Beginning with the line containing "Мелко накрошить шпинат" and going on through the line containing "Jury statement: Sustainability", the lines below are to be returned exactly, pictures excluded and nothing added.

══ GIVEN INFORMATION

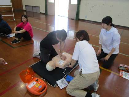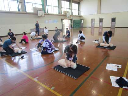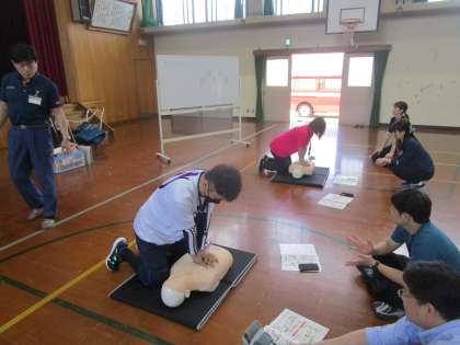 6月4日(火)の午後より、下京消防署の指導の下、教職員の普通救命講習を行いました。心肺停止になった人がいた場合、どのように行動すべきか、実際の場面を想定して訓練しました。
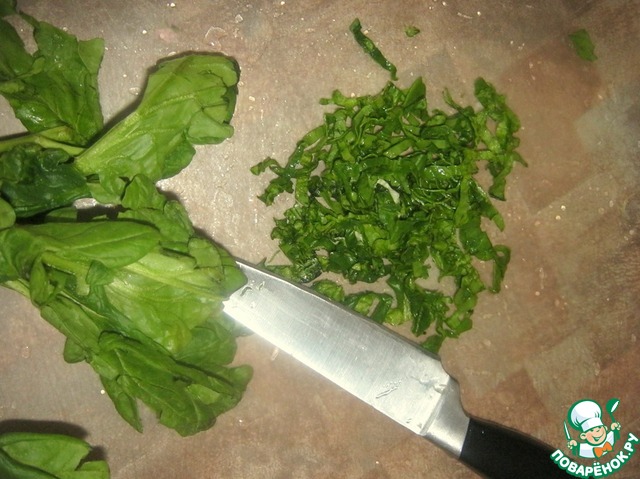 Мелко накрошить шпинат
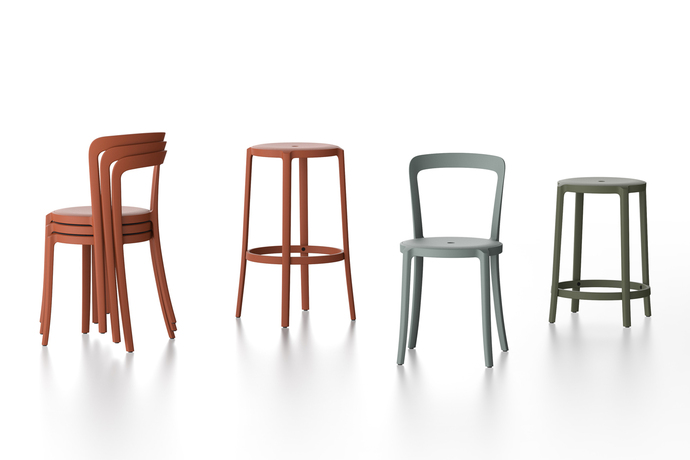 Jury statement: Sustainability and a new way of thinking - the chairs and stools “On & On” by Barber & Osgerby for Emeco are made of recycled materials such as plastic bottles and glass fibre, are suitable for indoor and outdoor use and are an eye-catcher thanks to their curved backrest. In many colours and variations, with seats in oak, ash or upholstered, there are numerous possibilities for an individual design.
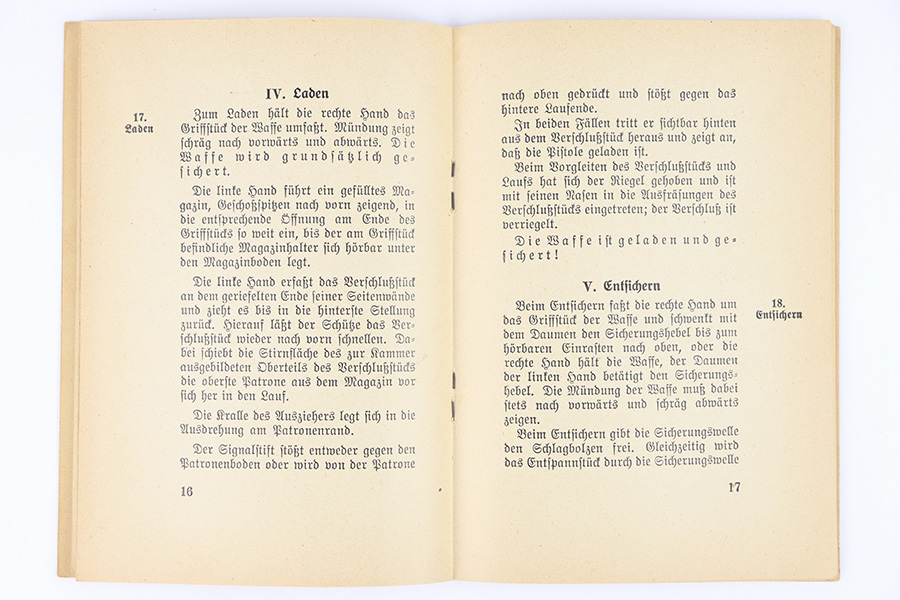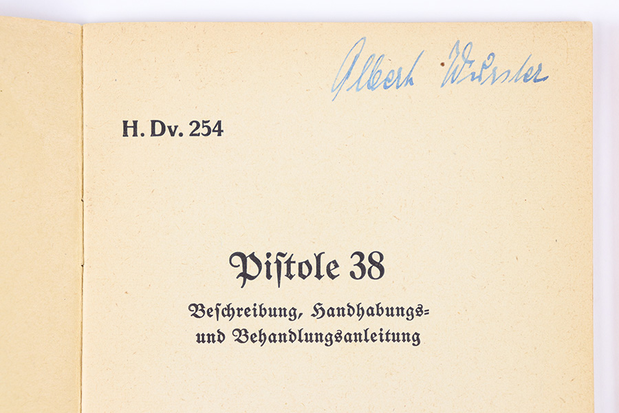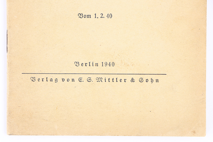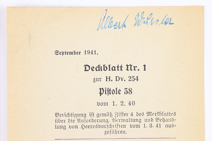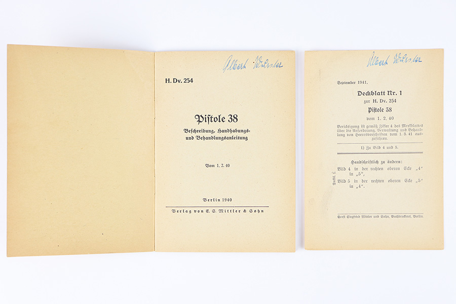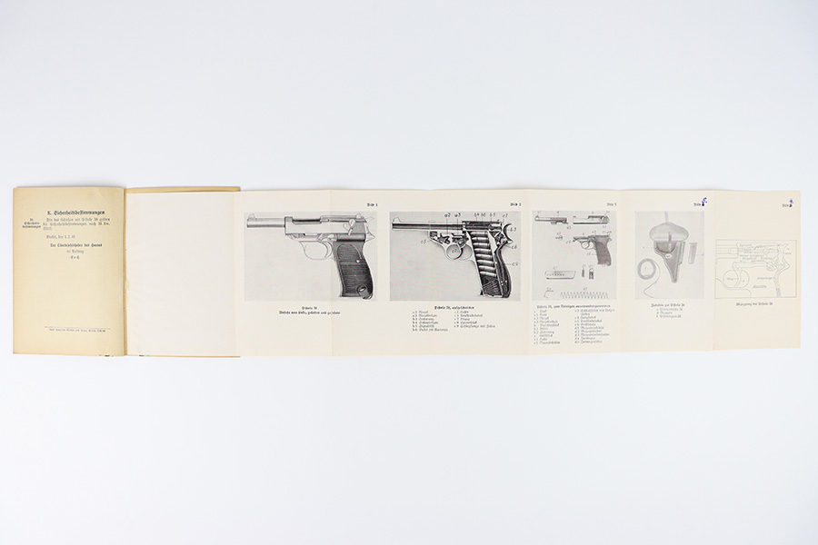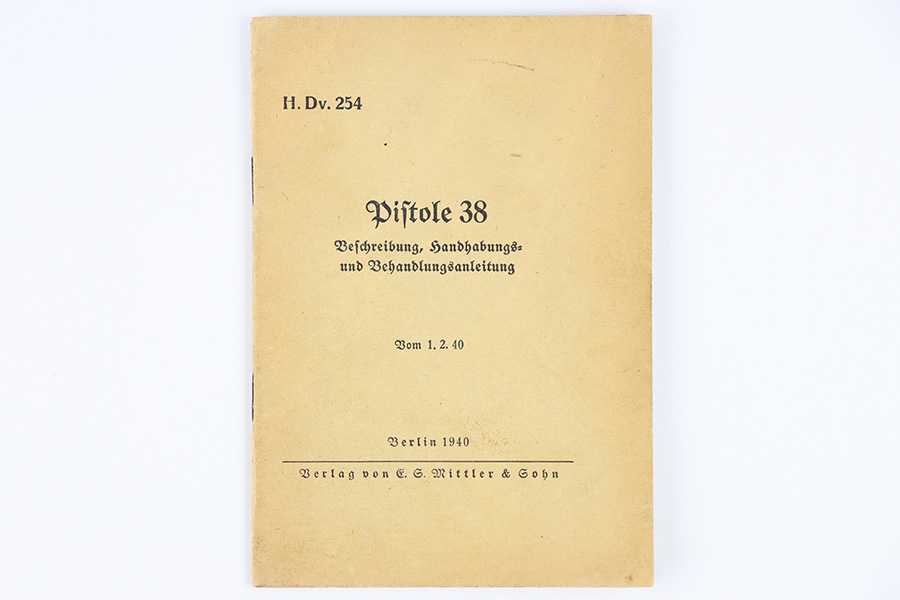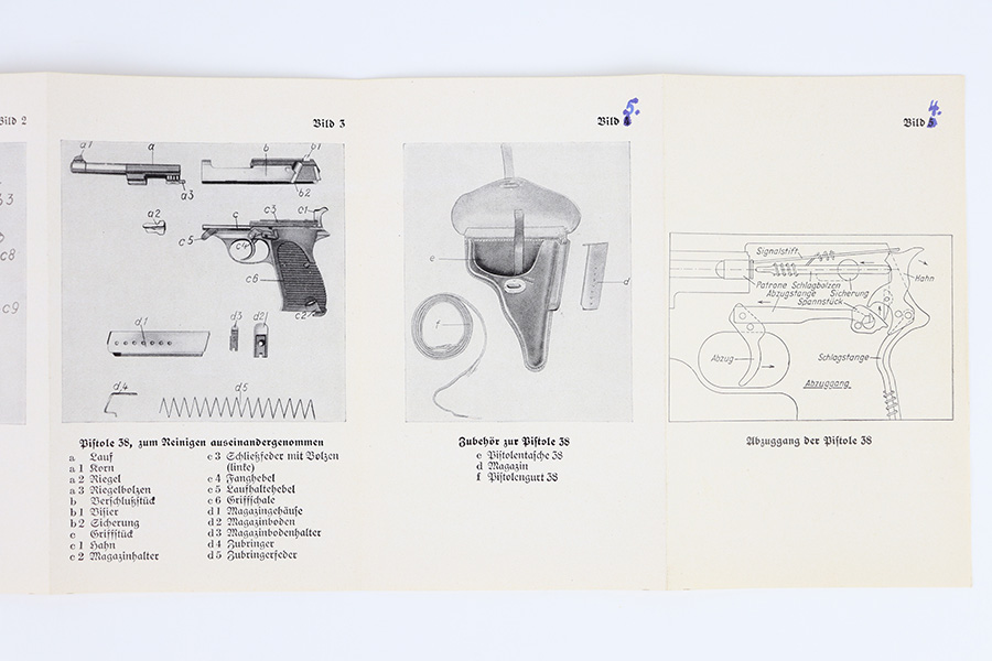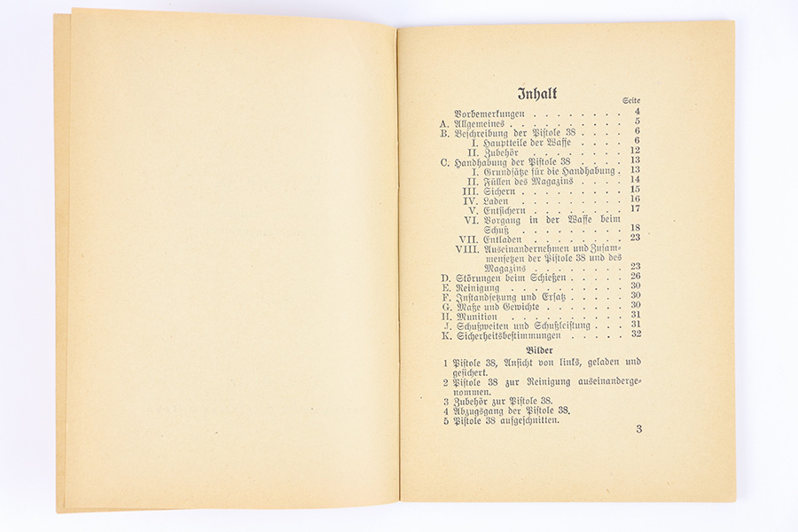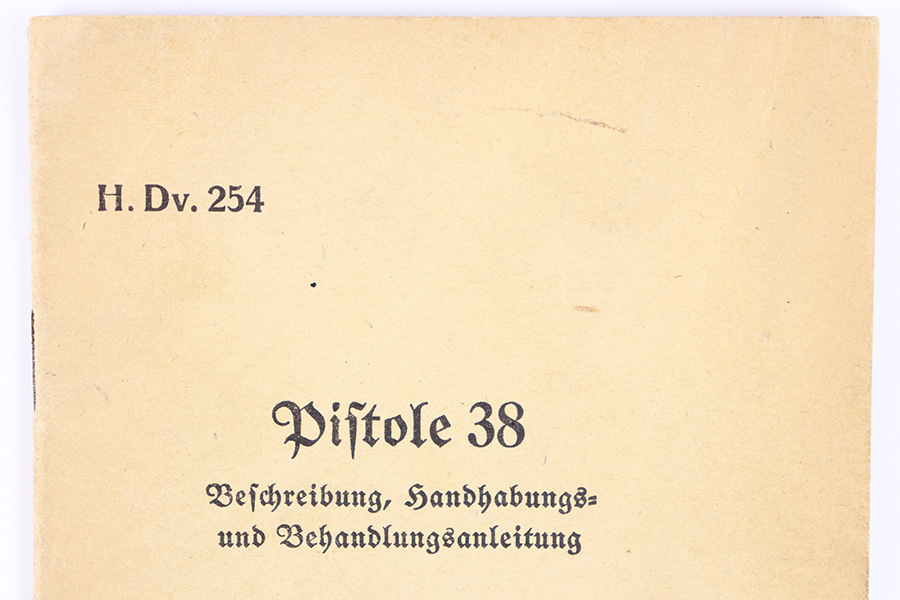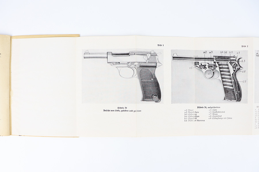 9/26/23 – This is a scarce, WW2 original German P.38 pistol manual. The manual is 1940 dated, so this was made during early P.38 production. The interior cover page is dated September 1941, but this page is not attached to the other pages, and doesn’t show signs of ever having been attached to the binding. All pages are in great shape with some mild yellowing from age. The back cover page is a fold-out diagram for the pistol and internals.

════

WRITTEN RESPONSE:
 Мелко накрошить шпинат
 Jury statement: Sustainability and a new way of thinking - the chairs and stools “On & On” by Barber & Osgerby for Emeco are made of recycled materials such as plastic bottles and glass fibre, are suitable for indoor and outdoor use and are an eye-catcher thanks to their curved backrest. In many colours and variations, with seats in oak, ash or upholstered, there are numerous possibilities for an individual design.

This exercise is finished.